To assess the stability of different flow distributors in response to clogging, different geometrical design parameters were considered: width of the channels throughout the entire geometry, aspect ratios of the elongated pillars (AR) in separation channel, distributor width, and number of contact zone rows consisting of interconnected channels after each of the splitting stage. Given that the smallest feature throughout the entire geometry is the distance between the two adjacent pillars, and this distance depends on the quality of etching process26,27, the minimum channel width was considered to be 2.5 µm. A maximum channel width of 3.5 µm was studied to consider the possible effect of dispersion in larger channels. Since the sidewall effect is no longer influential on performance of the distributor for AR > 15, a minimum AR = 15 was used throughout the study. On the other hand, a maximum AR of 25 was used in our clogging sensitivity studies to eliminate the increased pressure drop caused by an increased tortuosity.

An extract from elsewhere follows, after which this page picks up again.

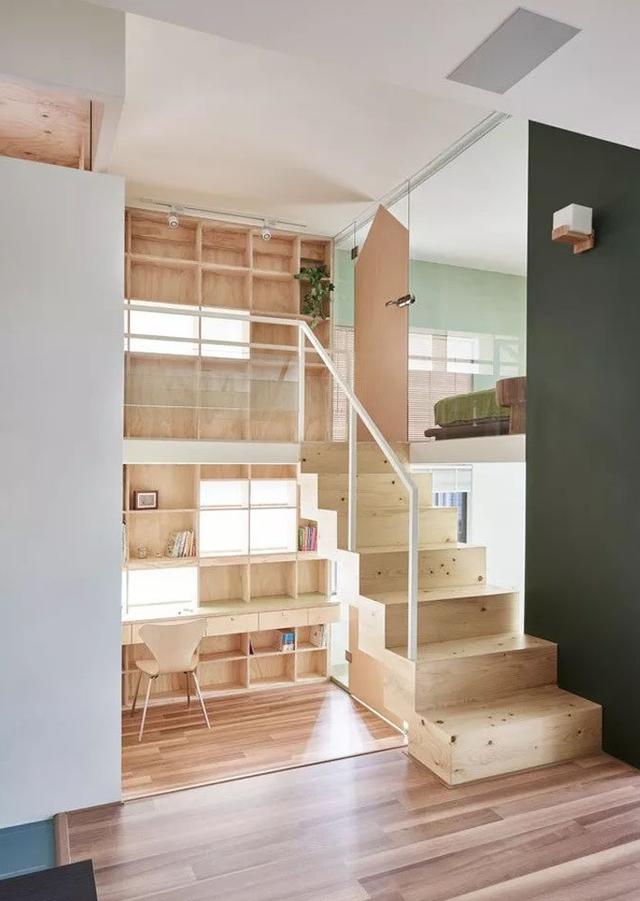 樓梯間與以往見到的大有不同,是一個充滿陽光的地方,在這里擺放上一張書桌和柜子后,工作、學習、收納……功能多多!

The red box depicted in Fig. 1 was modified to reflect different clogging percentages of the 4-outlet-level channel. The chance of local clogging is higher closer to the inlet. Therefore, it induces an increased local flow resistance and a drop in velocity proportional to the clogging’s cross-section. Each distributor was first studied to figure out the effect of channel width on clogging sensitivity, then the ones with minimum sensitivity to clogging were selected to investigate the effect of aspect ratio of the pillars. Furthermore, two and three channels were modified to induce the extreme degree of clogging simultaneously, and the results were shown on the selected distributor. Also, the influence of increasing the distributor’s width and adding the number of contact zones were studied on the selected distributor.

Numerical methods and calculations

All simulations were performed on Dell Precision Tower 7910 XCTO Base each equipped with an Intel Xeon processor E5-2630 (2.4 GHz, 16 cores) and 32 Gb, 2400 MHz ram memory, running on Linux server. Simulations were accomplished with the COMSOL Multiphysics commercial software (COMSOL 5.3) in a 2D simulation model. Each flow distributor was divided into 500,000 and 3,000,000 triangular and free quad meshes. Mesh and time independencies were examined via decreasing the mesh size and time step to half of their initial values for the BF distributor with channel width of 3 µm integrated with 100 µm wide and 5 µm thick radially elongated hexagonal pillars rows. The difference in volumetric variances was less than 2.5%.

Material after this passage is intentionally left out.